Cuando discutíamos con un grupo de colegas historiadores en torno a la conmemoración bicentenaria pensaba en los millones de peruanos que a lo largo de 200 años construyeron está república incompleta que, sin embargo, nació con alegría e ilusión. Recordé a todos los que dieron la vida por el Perú y probablemente sintieron, en su hora final, la inmensa pena e impotencia que ahora nos embarga. Pero también vinieron a mi memoria nuestros pintores, poetas, científicos, cocineros y escritores que en medio de la incertidumbre –que aún nos define– apostaron por la creatividad y la vida, que en el Perú siempre termina por imponerse.

Porque si uno compara los dos himnos que se escriben con motivo de la independencia, existe el “Somos libres” todavía pendiente si se toma en consideración la penetración brasileña en nuestra economía e instituciones y el papel de Marcelo Odebrecht en la presente crisis. Las estrofas llenas de vitalidad del himno olvidado “La chicha”, en cambio, hablan de esa imbatible alegría de vivir que nos ha permitido sobrellevar tragedias indescriptibles. “Cubran nuestras mesas el chupe y el quesillo y el ají amarillo” alude al deleite por lo cotidiano que ayuda a mitigar el dolor inscrito en la condición humana.

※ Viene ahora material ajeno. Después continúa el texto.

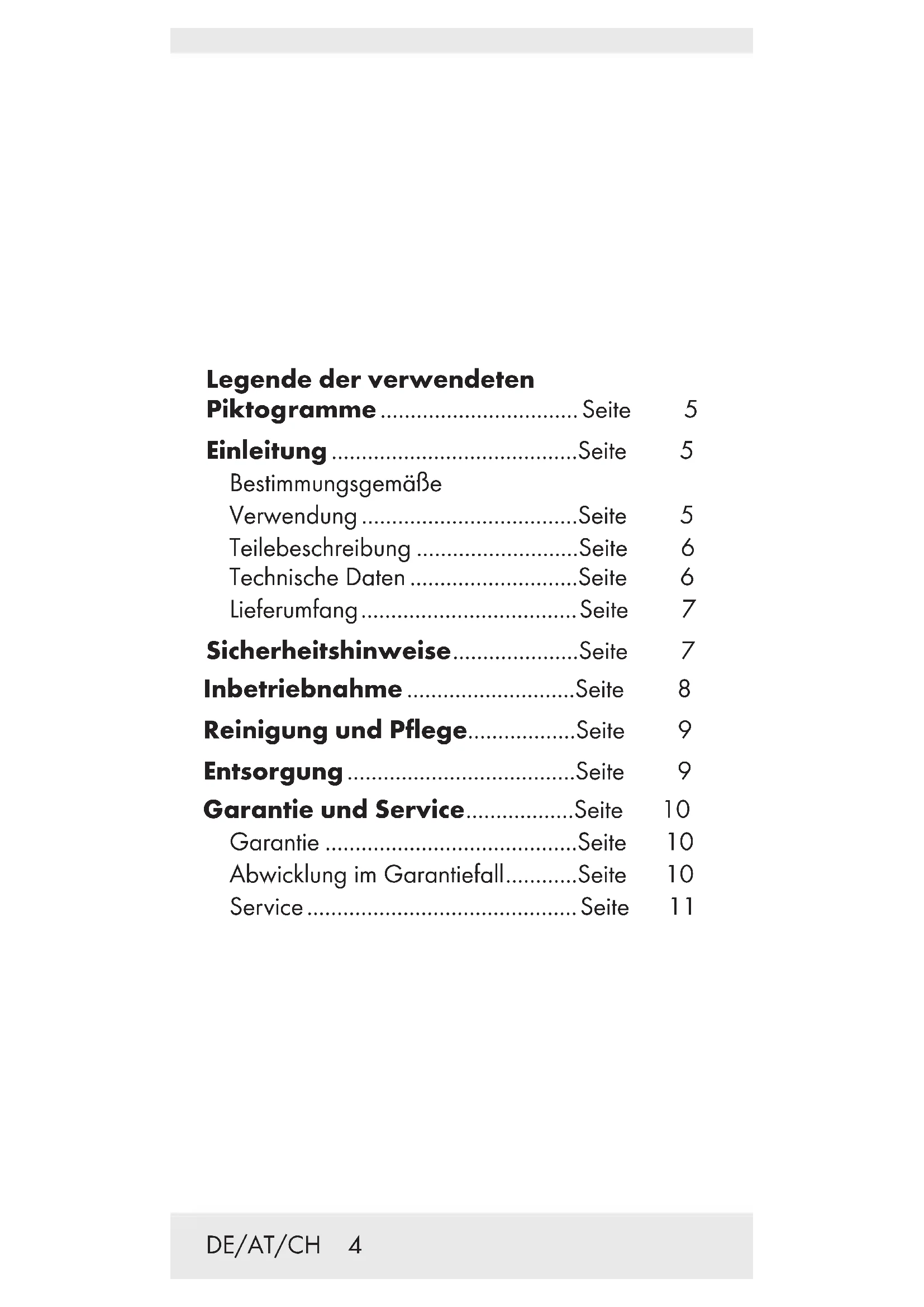 Betjenings- og sikkerhedsbemærkninger Side 693 1 2 3DE/AT/CH 4 Legende der verwendeten Piktogramme ................................. Seite 5 Einleitung .........................................Seite 5 Bestimmungsgemäße Verwendung ....................................Seite 5 Teilebeschreibung ...........................Seite 6 Technische Daten ............................Seite 6 Lieferumfang .................................... Seite 7 Sicherheits hinweise .....................Seite 7 Inbetriebnahme ............................Seite 8 Reinigung und Pflege..................Seite 9 Entsorgung ......................................Seite 9 Garantie und Service ..................Seite 10 Garantie ..........................................Seite 10 Abwicklung im Garantiefall ............Seite 10 Service ............................................. Seite 11DE/AT/CH 5 Legende der verwendeten Piktogramme Gleichstrom/-spannung Wechselstrom / -spannung Warn- und Sicherheitshinweise beachten! Technologie zur Optierung der Ladezeit DUAL-USB-LADEGERÄT P Einleitung Wir beglückwünschen Sie zum Kauf Ihres neuen Produkts. Sie haben sich damit für ein hochwertiges Produkt entschieden. Die Bedienungsanleitung ist Teil dieses Produkts. Sie enthält wichtige Hinweise für Sicherheit, Gebrauch und Entsorgung. Machen Sie sich vor der Benutzung des Produkts mit allen Bedien- und Sicherheitshinweisen vertraut. Benutzen Sie das Produkt nur wie beschrieben und für die angegebenen Einsatzbereiche. Händigen Sie alle Unterlagen bei Weitergabe des Produkts an Dritte mit aus. P Bestimmungsgemäße Verwendung Dieses DUAL-USB-LADEGERÄT (nachfolgend „Produkt“ genannt) kann zur Stromversorgung elektronischer Geräte verwendet werden. Das Produkt hat 2 USB-Ports mit einem maximalenDE/AT/CH 6 Ausgangsstrom von insgesamt 4,8 A. Wenn beide USB-Ports gleichzeitig verwendet werden, beträgt der maximale Ausgangsstrom 2,4 A für USB-Port Typ A

En este momento tan transcendental pienso en nuestros primeros republicanos y su universo conceptual que debe servirnos de guía. Pero también recuerdo esta estrofa notable del himno olvidado: “Al cáliz amargo de tantos disgustos sucedan los gustos, suceda el placer. De nuestro letargo a una despertemos y también logremos libres por fin ser”. Que nuestra natural apuesta por la vida nos mantenga fuertes para seguir luchando por la promesa republicana que todos merecemos.